Oui, ma maman est fippée devant la télé! Heureusement, Kevin (Rolland, ndlr) est passé avant moi. Elle sait que c’est maîtrisé, elle se dit: «Au pire, c’est une blessure, elle guérira.» Je pense que ce qui l’embêterait le plus, c’est de me savoir triste d’être obligée d’arrêter de skier. Mais l’émotion de me voir gagner emporte tout!

Dans votre carrière, y-a-t-il eu un ou des déclics?

Après la Corée en 2018. Pendant huit mois, je n’ai plus eu du tout envie de skier, il fallait que je digère le plus gros échec de ma vie. Quand je suis remontée sur mes skis, ma première course était ratée, puis j’ai terminé troisième, deuxième jusqu’à regagner. Au début, j’avais énormément de doutes sur le fait que j’allais faire une longue carrière. J’avais l’impression que ça allait être très éphémère, durer deux ou trois ans. Le déclic, ça a été de réaliser que je pouvais performer sur le long terme.

Comment voyez-vous la suite de votre progression?

Techniquement, je vais pousser mes forces et gérer mes faiblesses. Je sais que j’ai un point fort en saut, je vais le travailler au max pour continuer à performer en big air, mais sans négliger le rail pour autant. J’ai encore beaucoup de titres qui manquent à mon palmarès! Si je deviens championne olympique un jour, j’aimerais être double championne olympique. J’ai deux titres de championne du monde, pourquoi ne pas en avoir cinq? J’ai juste envie d’être la meilleure, encore pendant dix ans.

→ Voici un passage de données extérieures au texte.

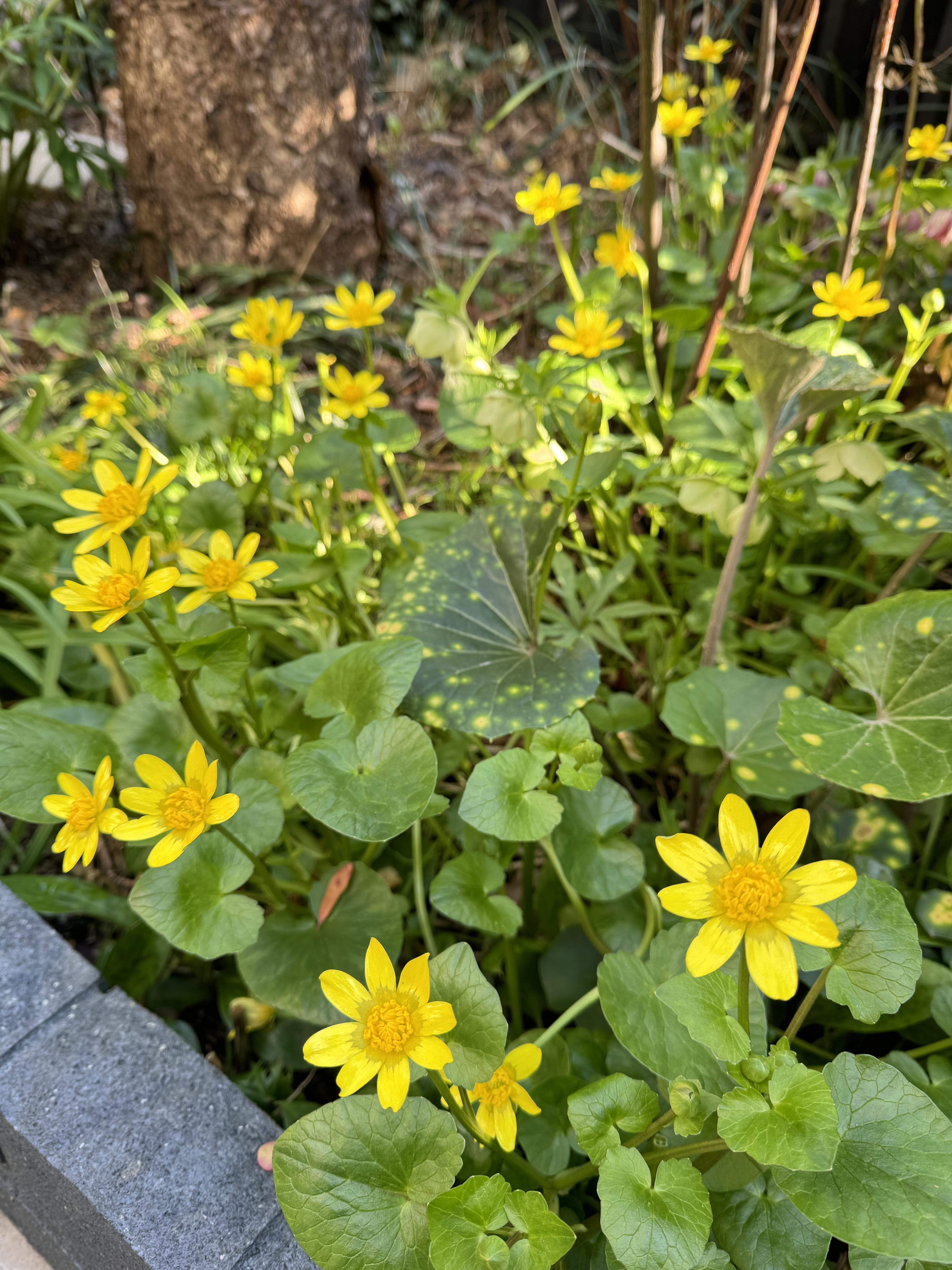 この写真は、今の私の庭。今、ヒメリュウキンカが満開です。

«Dans la vie, des tas de gens ont un mental qui les fait se relever, sans être sportif de haut niveau.»

Avez-vous encore le temps de faire des choses en dehors du ski?

Quand je peux me poser, j’adore faire de la pâtisserie, de jolis gâteaux un peu chiadés, à la Top Chef!

Y a-t-il des causes pour lesquelles vous auriez envie de militer?

Il y a plein de causes qui me tiennent à cœur, comme la place de la femme dans la société, là, il y a encore du travail. J’aimerais pouvoir me promener toute seule dans la rue tard dans la nuit sans avoir peur. Notre pauvre petite planète aussi, elle va mal, même si je suis loin d’être irréprochable. J’attends simplement de trouver le bon mouvement, la bonne association dont j’arriverais à porter haut et fort les couleurs. Je veux m’investir, mais à 100%.

Comme dans le ski?

Exactement! Pour le moment, la seule chose dont je sois sûre, c’est que je skierai toute ma vie.